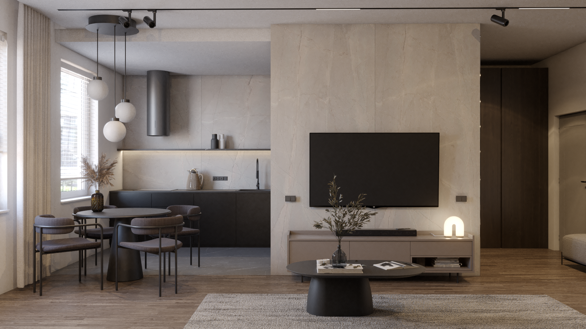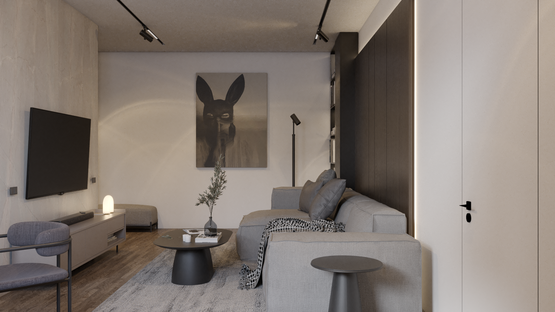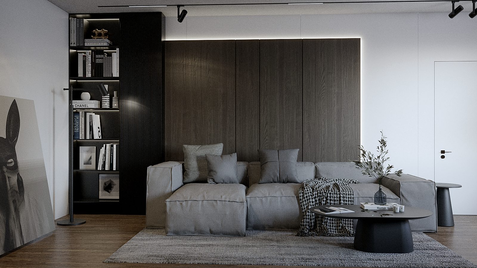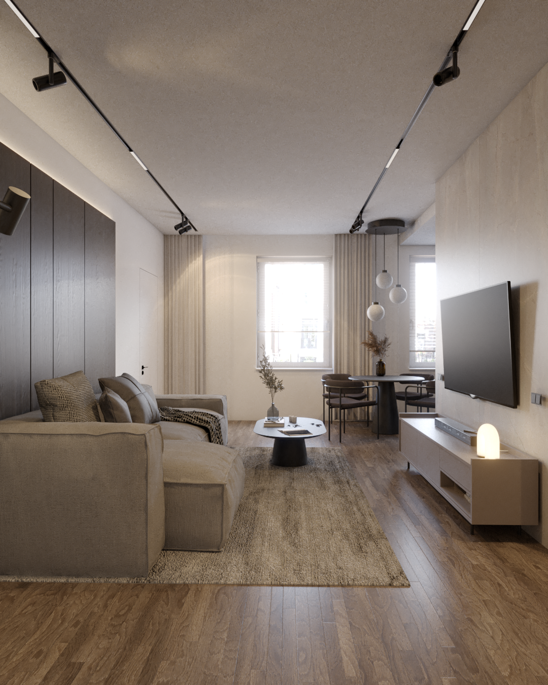 To mieszkanie jest dowodem, że projekt dla singla nie musi być nudny. Wygoda, porządek i elegancja idą tu ręka w rękę z praktycznością. Całość od A do Z dopasowana do miejskiego stylu życia: relaks, praca, spotkania z przyjaciółmi — wszystko tu działa. Śmiało, można czuć się tu „u siebie”. To mieszkanie to świetny przykład, jak wyczucie stylu i prostota idą w parze z wygodą. Ciemne drewno, beże i szarości tworzą tu bazę — wnętrze wygląda spokojnie, ale też bardzo elegancko i przytulnie.
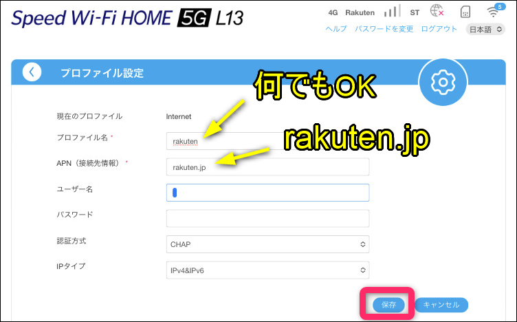APN(接続先情報)は rakuten.jp と入力し、保存 します。
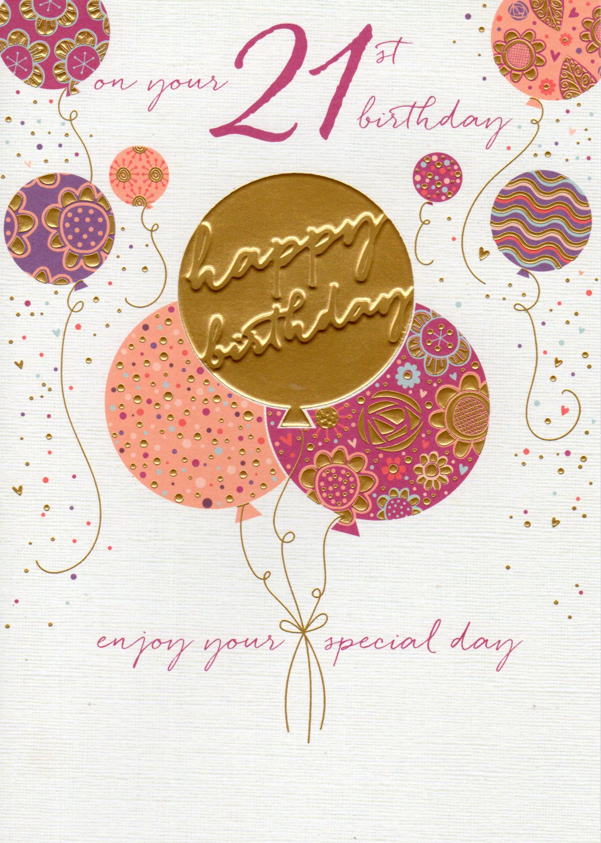 On the front the card reads: On Your 21st Birthday enjoy your special day
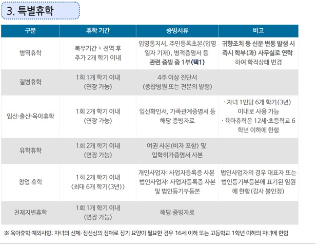 특별휴학 경우 증빙자료 필수 첨부(세부내용 아래 참고)
################
WHAT TO WORK ON:
Copy nothing but the lines from the top of the data down to the line containing "On the front", and leave the pictures out.

FINISHED EXERCISE:
 To mieszkanie jest dowodem, że projekt dla singla nie musi być nudny. Wygoda, porządek i elegancja idą tu ręka w rękę z praktycznością. Całość od A do Z dopasowana do miejskiego stylu życia: relaks, praca, spotkania z przyjaciółmi — wszystko tu działa. Śmiało, można czuć się tu „u siebie”. To mieszkanie to świetny przykład, jak wyczucie stylu i prostota idą w parze z wygodą. Ciemne drewno, beże i szarości tworzą tu bazę — wnętrze wygląda spokojnie, ale też bardzo elegancko i przytulnie.
APN(接続先情報)は rakuten.jp と入力し、保存 します。
 On the front the card reads: On Your 21st Birthday enjoy your special day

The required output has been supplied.